During the 15th Five-Year Plan period, China's annual real GDP growth potential is estimated at around 5%, driven by factor inputs contributing approximately 3% and total factor productivity about 2%. Real growth is calculated at constant prices, while nominal growth—which includes inflation—determines total economic expansion. With more proactive macroeconomic policies, especially moderately accommodative monetary measures, China aims to achieve reasonable price recovery. Coordinated efforts in proactive fiscal policy and accommodative monetary policy are essential. In 2025, China's fiscal deficit ratio was around 4%, supported by 4.4 trillion yuan in local government special bonds, 1.3 trillion yuan in ultra-long-term special treasury bonds, and 500 billion yuan in special treasury bonds. Of the ultra-long-term bonds, 800 billion yuan was allocated to major national strategies and key security areas, while 500 billion yuan supported equipment upgrades and consumer trade-ins. Another 500 billion yuan was used to replenish bank capital and mitigate financial risks. Fiscal authorities have indicated that expenditure intensity will not decrease in 2026, with strengthened support for key sectors. The overall budget, including deficit size, will require approval by the National People's Congress. Moderately easy monetary policy should stabilize growth and facilitate reasonable price increases. With the consumer price index fluctuating at low levels and the producer price index in negative territory in 2025, policy should help restore prices to appropriate levels. If real growth averages around 5% and inflation around 2% during the 15th Five-Year Plan period, nominal growth could reach about 7%, potentially adding over 36 trillion yuan to economic output—surpassing the expansion seen in the 14th Five-Year Plan.

China's real growth during the 15th Five-Year Plan period could remain between 4.5% and 5% or higher. A key challenge is the ongoing decline in producer prices, which necessitates more proactive macroeconomic policies to achieve positive figures and eventually reach around 2% inflation.
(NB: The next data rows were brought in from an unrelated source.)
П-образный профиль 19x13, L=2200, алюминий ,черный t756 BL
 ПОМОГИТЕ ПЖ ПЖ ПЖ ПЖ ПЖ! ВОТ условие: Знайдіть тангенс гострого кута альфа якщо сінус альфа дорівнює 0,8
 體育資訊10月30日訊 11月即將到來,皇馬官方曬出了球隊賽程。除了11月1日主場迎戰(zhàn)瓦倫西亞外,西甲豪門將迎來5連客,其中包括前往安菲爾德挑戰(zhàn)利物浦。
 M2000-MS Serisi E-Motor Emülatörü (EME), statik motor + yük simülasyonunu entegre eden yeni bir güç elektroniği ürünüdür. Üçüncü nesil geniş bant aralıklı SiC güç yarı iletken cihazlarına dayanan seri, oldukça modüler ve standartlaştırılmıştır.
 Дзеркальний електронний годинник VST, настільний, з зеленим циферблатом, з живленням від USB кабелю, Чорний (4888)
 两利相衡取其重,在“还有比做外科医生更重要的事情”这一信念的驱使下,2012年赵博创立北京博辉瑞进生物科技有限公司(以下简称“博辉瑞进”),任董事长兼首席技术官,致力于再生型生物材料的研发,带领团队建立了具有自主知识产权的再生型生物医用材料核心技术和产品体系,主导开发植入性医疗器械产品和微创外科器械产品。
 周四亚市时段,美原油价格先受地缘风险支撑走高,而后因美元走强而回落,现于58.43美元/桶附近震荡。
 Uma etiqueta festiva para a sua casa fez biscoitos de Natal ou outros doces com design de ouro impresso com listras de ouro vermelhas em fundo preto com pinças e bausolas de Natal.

Against intensifying global productivity competition, qualitative improvements and quantitative growth are crucial. The goal is to basically achieve socialist modernization by 2035, with GDP reaching or exceeding 200 trillion yuan and per capita GDP surpassing $20,000. By mid-century, China aims to become a modern socialist country that is prosperous, strong, democratic, culturally advanced, harmonious, and beautiful, with strong confidence in realizing these objectives.
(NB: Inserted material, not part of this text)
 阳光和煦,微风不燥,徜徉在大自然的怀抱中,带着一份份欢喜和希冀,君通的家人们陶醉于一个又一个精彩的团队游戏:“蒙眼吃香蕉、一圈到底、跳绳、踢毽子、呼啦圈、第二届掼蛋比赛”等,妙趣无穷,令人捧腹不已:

The Central Economic Work Conference emphasized an internal demand-driven approach for 2026. As the world's second-largest economy, China must adhere to new development philosophies, fostering a dual-circulation development pattern where domestic circulation plays the leading role, supported by international engagement. Internal demand encompasses consumption and investment. A complete internal demand system includes multi-tiered consumption and investment demand, a supply system meeting domestic needs, and efficient resource allocation mechanisms spanning production, distribution, circulation, and consumption. Achieving internal demand-led growth requires multi-faceted efforts: expanding consumption underpinned by income growth, promoting investments with reasonable returns, and ensuring financially sustainable credit demand. Boosting consumption hinges on employment growth, social security improvements, income structure optimization, and expanding the middle class. Effective investment should focus on new infrastructure and high-tech industries. In line with policies on high-level opening-up, efforts to enhance a market-oriented, law-based, and internationalized business environment will stimulate private investment and attract foreign direct investment.